Don't get me wrong: I am in no way hoping or wishing her MS gets worse. As a fellow MSer, I wish her well as far as her health goes. But the financial resources she seems to take for granted in coping with her MS, and the seeming callousness of her spouse ("Honey, I don't care how much you support my running for President, we have all we could ever need, and more, and you are more important. I won't do it!"), combined with her "good little wife and mother" persona make me angry.
serena
Topping. Her little speech nearly had steam coming out of my ears.
A little glass of wine helped soothe my ruffled feathers, as did some choice epithets directed at the TV, such as she's probably never had directed at her before, at least to her face.
Tupperwhere
Re: Written by Cathy Walker-Gilman to Mrs. Romney, RE: WOMEN
Haaaaallelujah to this! This needs to be published in every major media outlet somehow.
Suckit Ann....you are clueless.
ChrisDeanna
Cathy Walker-Gilman is a friend of a friend of mine.
It does not matter to me if she is famous or not, what she wrote is dead-on!
CA girl
Re: Written by Cathy Walker-Gilman to Mrs. Romney, RE: WOMEN
I don't know ... nothing bugs me more than Mitt and Ann's B.S. claims of living in a basement apartment making do on "nothing." They had a trust fund and rich, supportive parents they could fall back on.

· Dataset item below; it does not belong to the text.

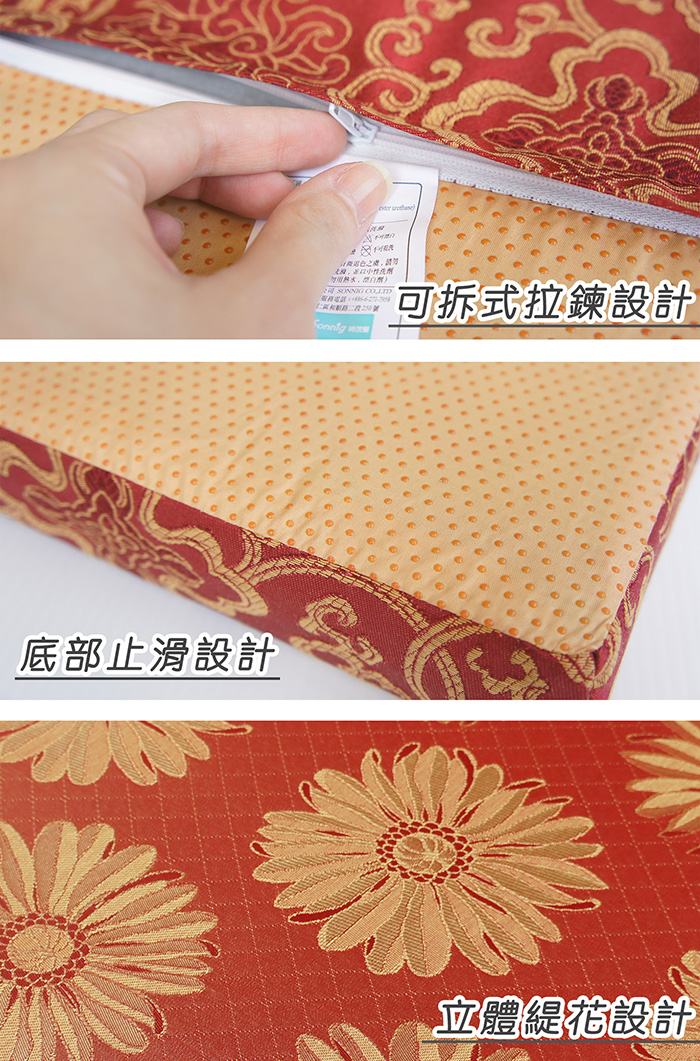 記憶型坐墊,採高品質惰性聚合記憶泡棉,耐久不易變形。厚度能有效分散身體的重量,久坐依然舒適。布套質地細緻透氣,布套樣式採喜氣的紅色系搭配太陽花紋,溫馨感十足;布套可拆洗,清潔方便不費力。全程台灣精製,除了適用於實木座椅、藤椅外,亦可用於和室、辦公室座椅或電腦椅等,質感、舒適多重優點兼具!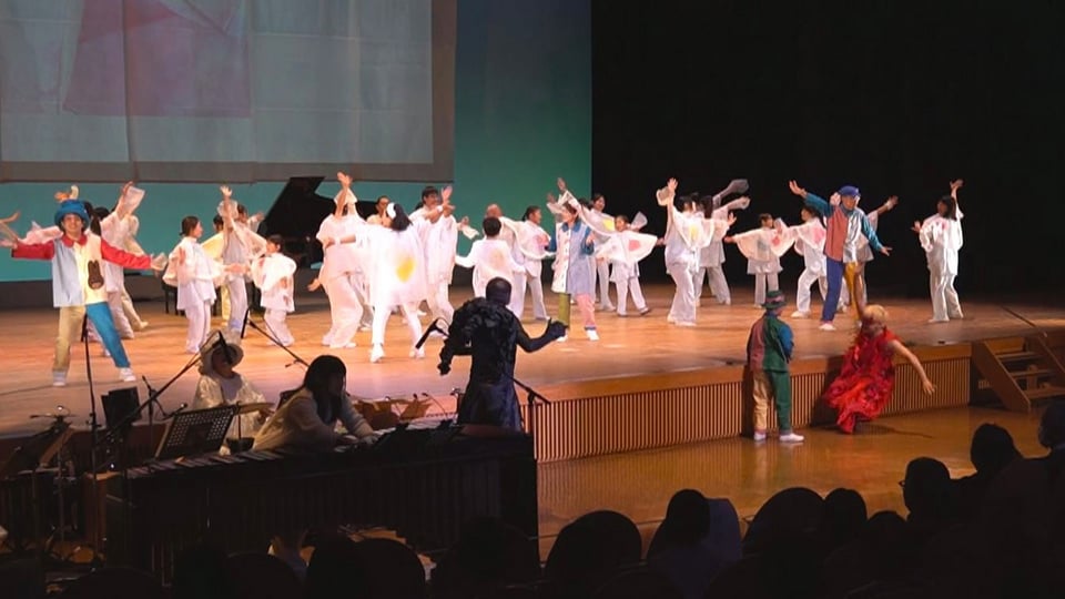 重いテーマではあるものの、明るく華やかな演出で舞台が展開され、最後に全員が集合して演者紹介が行われると、集まったおよそ900人の観衆から大きな拍手が送られていました。

That's not living on nothing. That's playing poor because it's stylish to be a struggling student at BYU. When DH and I were first married, I had a very small trust fund. We lived like the Romney's did, trying to spend as little as possible while DH was in school, in order to have some savings when he graduated. Unfortunately, unlike the Romneys, our money ran out. Living on nothing when you have no money to fall back on is NOT the same as trying to live on nothing, knowing you could break into that trust fund if you had to. I know, because I've done both. And I STILL wouldn't presume to relate because even when we were broke and running up bills, my parents were still there to call on if there was an emergency. After DD was born, we were slammed with some big hospital bills we weren't expecting. We would never have asked my parents for help and decided to roll up our sleeves and work to pay it off. But my dad intervened and sent us a check for the amount. Again, there is a difference between playing poor but having a secret stash, being poor with people you can count on to help you keep your head above water in an emergency, and really, truly being on your own, struggling to keep hearth and home together. I don't like how the Romneys played poor the way children played house and now want to use that experience to score compassion points.

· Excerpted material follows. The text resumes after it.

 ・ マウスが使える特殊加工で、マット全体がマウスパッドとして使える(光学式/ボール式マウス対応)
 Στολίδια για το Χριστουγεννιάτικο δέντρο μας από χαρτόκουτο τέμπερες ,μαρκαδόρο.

But how do we win the culture war between the have and have nots if there is so much hostility? Ann is trying in her clueless way to understand and relate. This article is an us v. them mentality and how does that help? If we can't make the "haves" understand what it's like to be a "have not", if we always make them feel like we think they are the enemy, what is gained? I guess what I'm saying is that I understand how irritating Ann's presumption can be but it's better to educate her than attack her if you really want to solve the problem.
ambivalent exmo
Re: Written by Cathy Walker-Gilman to Mrs. Romney, RE: WOMEN
I just cut & pasted her letter on my Facebook page.
seriously, I about had an aneurism when I read Ann rob-meys words.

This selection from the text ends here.